The ratio of the sums of first $n$ terms of two $A.P.s$ is $(7n + 1) : (4n + 27)$. Find the ratio of their $m^{th}$ terms.

(D) Let the first terms of the two $A.P.s$ be $a_1$ and $a_2$,and their common differences be $d_1$ and $d_2$ respectively.
The sum of $n$ terms of an $A.P.$ is given by $S_n = \frac{n}{2} [2a + (n - 1)d]$.
Given,$\frac{S_{n1}}{S_{n2}} = \frac{\frac{n}{2} [2a_1 + (n - 1)d_1]}{\frac{n}{2} [2a_2 + (n - 1)d_2]} = \frac{7n + 1}{4n + 27}$.
This simplifies to $\frac{2a_1 + (n - 1)d_1}{2a_2 + (n - 1)d_2} = \frac{7n + 1}{4n + 27}$.

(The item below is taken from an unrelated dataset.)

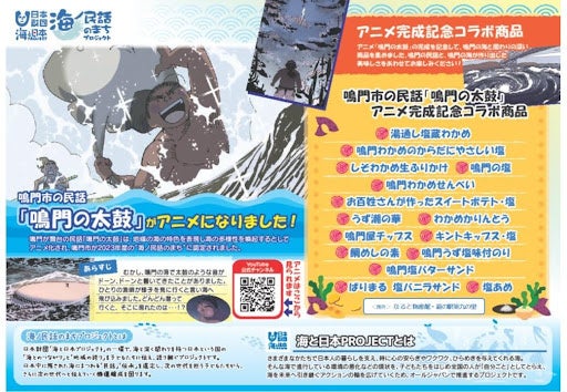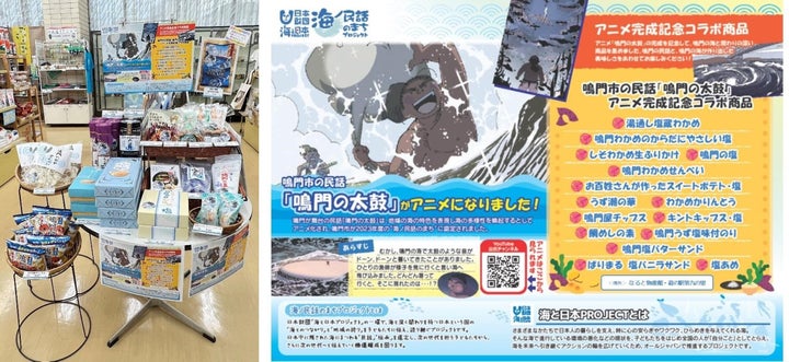日本昔ばなし協会と日本財団が進める「海ノ民話のまちプロジェクト」の一環として、鳴門の海に関連する商品を集めたアニメ完成記念コラボ企画が開催されています。

We need to find the ratio of the $m^{th}$ terms: $\frac{a_m}{a'_m} = \frac{a_1 + (m - 1)d_1}{a_2 + (m - 1)d_2}$.
Multiply the numerator and denominator of the required ratio by $2$: $\frac{2a_1 + 2(m - 1)d_1}{2a_2 + 2(m - 1)d_2}$.
Comparing this with the given sum ratio,we set $n - 1 = 2(m - 1)$,which gives $n = 2m - 1$.
Substitute $n = 2m - 1$ into the ratio $\frac{7n + 1}{4n + 27}$:
Ratio $= \frac{7(2m - 1) + 1}{4(2m - 1) + 27} = \frac{14m - 7 + 1}{8m - 4 + 27} = \frac{14m - 6}{8m + 23}$.
Thus,the ratio of the $m^{th}$ terms is $(14m - 6) : (8m + 23)$.